We then need to clean our dataset by removing non-main characters.  We are going to remove all characters that have less than 1000 lines. 


In [3]:
character_counts = df['Character'].value_counts()

characters_to_remove = character_counts[character_counts < 1000].index
df = df[~df['Character'].isin(characters_to_remove)]


In [4]:
df['Character'].value_counts()


Character
PICARD     10798
RIKER       6454
DATA        5699
LAFORGE     4111
WORF        3185
CRUSHER     2944
TROI        2856
WESLEY      1206
Name: count, dtype: int64

# Decision Tree
For my simple model, I'll be using a Decision Tree Classifier. 


In [5]:
# Vectorize the "Line" column using a "bag of words" representation.  
# This represntation converts the lines of text into a numerical format 
# that can be used by the DecisionTreeClassifier for prediction.
vectorizer = CountVectorizer()

#extract the lines from my dataframe
lines = df['Line'].tolist()
character = df['Character'].tolist()

X = vectorizer.fit_transform(lines)
y = character

In [6]:
# Split the data into training and testing sets
X_train, X_test, y_train, y_test = train_test_split(X, y, test_size=0.2, random_state=42)

# Create and train the Decision Tree model
model1 = DecisionTreeClassifier(
    random_state=42)
model1.fit(X_train, y_train)

# Make predictions on the test set and evaluate the model
y_pred = model1.predict(X_test)
accuracy1 = accuracy_score(y_test, y_pred)
print(f'Accuracy: {accuracy1}')

Accuracy: 0.3206281036102537


As you can see, the model's accuracy is terrible. Lets adjust some hyper parameters to try and increase the accuracy. 

In [7]:
model2 = DecisionTreeClassifier(
    random_state=42,
    max_depth=20, 
    #min_samples_split=5,  
    #min_samples_leaf=1,  
    #max_features='sqrt',  
    #criterion='entropy' 
)
model2.fit(X_train, y_train)

# Make predictions on the test set and evaluate the model
y_pred = model2.predict(X_test)
accuracy2 = accuracy_score(y_test, y_pred)
print(f'Accuracy: {accuracy2}')

Accuracy: 0.3482753992752651


After trial and error with many different hyper parameters,  I realized these arent going to help much.  I'm going to try a different approach - instead of a Bag of Words type representation, I'm going to try TF-IDF to represent the text data. 

In [8]:
from sklearn.feature_extraction.text import TfidfVectorizer

#TF-IDF vecotorization instead of Bag of Words. 
vectorizer = TfidfVectorizer()
X = vectorizer.fit_transform(lines)
y = character


X_train, X_test, y_train, y_test = train_test_split(X, y, test_size=0.2, random_state=42)

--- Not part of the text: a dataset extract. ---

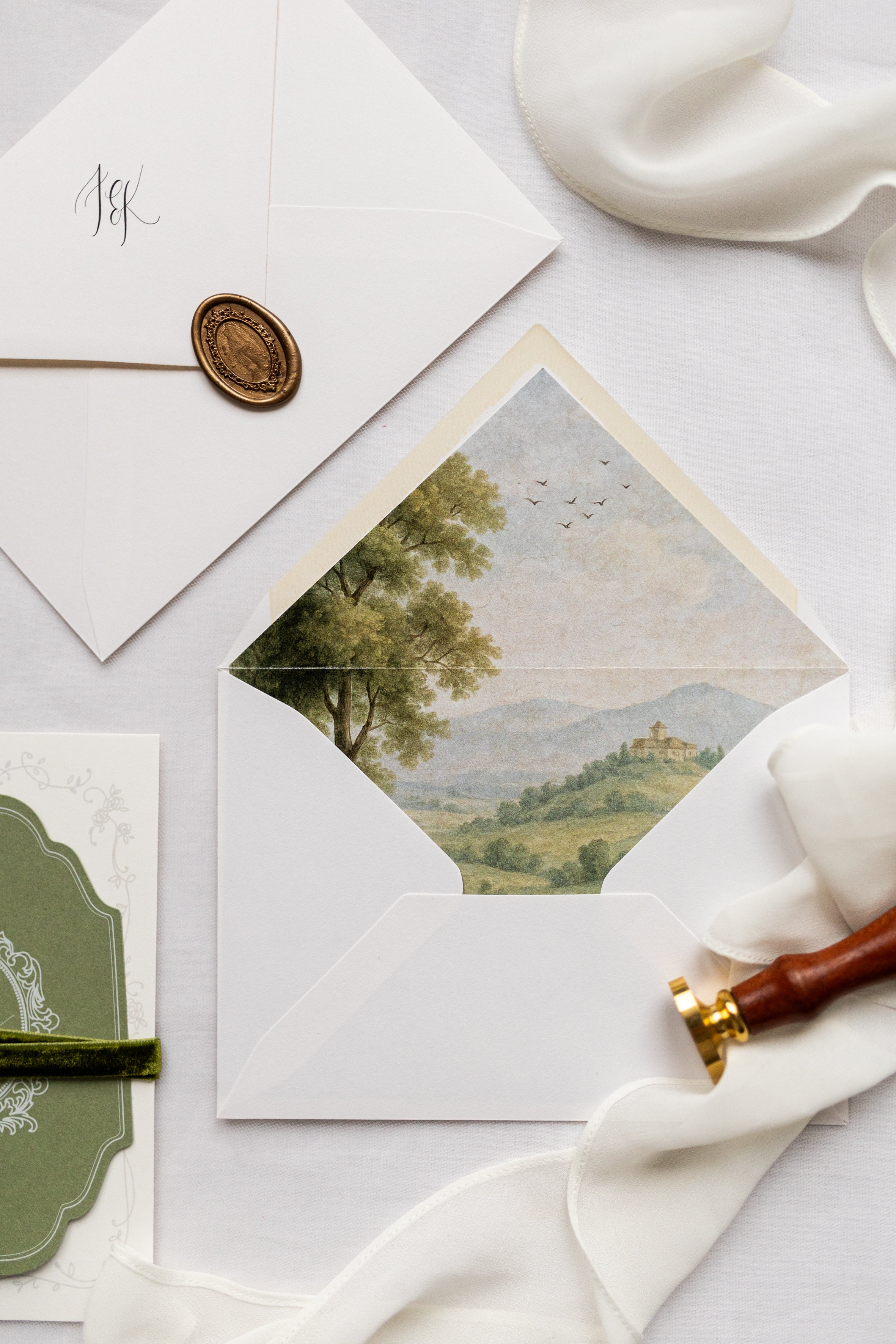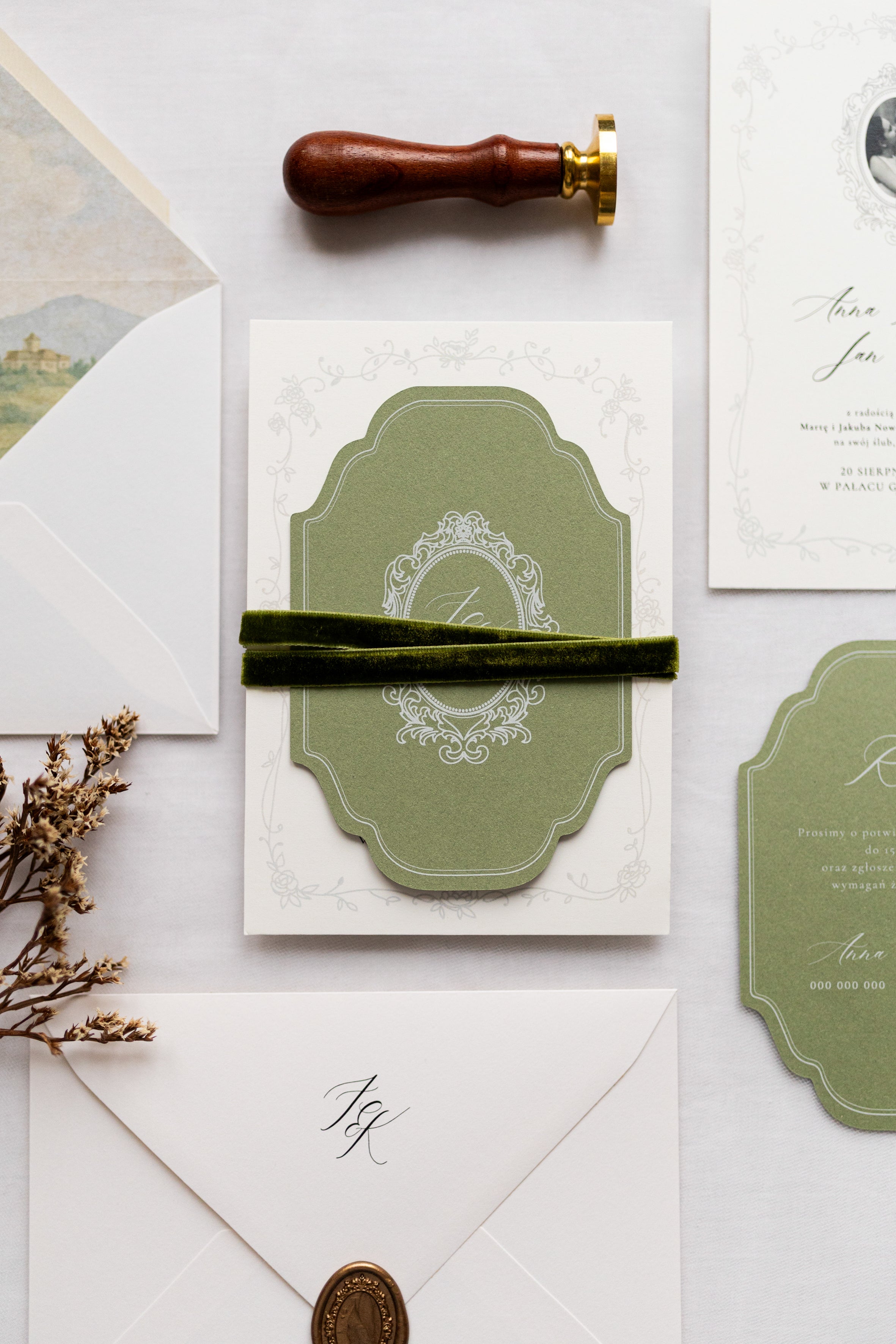 Zaproszenia ślubne z kolekcji Vintage Meadow to ukłon w stronę klasycznego vintage — z nutą romantyzmu i elegancji. Stonowana, szałwiowa zieleń, delikatne ornamenty i akwarelowa ilustracja tworzą harmonijną kompozycję, która pięknie odnajdzie się w otoczeniu oranżerii, toskańskich ogrodów, winnic, eleganckich stodół czy zabytkowych przestrzeni.

# Adjust hyperparameters (you can experiment with these)
model3 = DecisionTreeClassifier(
    random_state=42,
    max_depth=20,
    min_samples_split=5,
    #min_samples_leaf=2,
    #max_features='sqrt',
    #criterion='gini'
)


model3.fit(X_train, y_train)
y_pred = model3.predict(X_test)
accuracy3 = accuracy_score(y_test, y_pred)
print(f'Accuracy: {accuracy3}')

Accuracy: 0.34223594148436454


Switching from bag of words to TF-IDF didn't change much. In fact, The accuracy went slightly down. Next we are going to try a different model, but sticking with TF-IDF


# Random Forest

In [9]:
from sklearn.ensemble import RandomForestClassifier
model4 = RandomForestClassifier(random_state=42)
model4.fit(X_train, y_train)

# Make predictions on the test set
y_pred = model4.predict(X_test)

# Evaluate the model
accuracy4 = accuracy_score(y_test, y_pred)
print(f'Accuracy: {accuracy4}')

Accuracy: 0.41068312978123744


It's better! 41% still doesn't seem too accurate, but considering there are 8 possible classifications, it's better than a normal guess.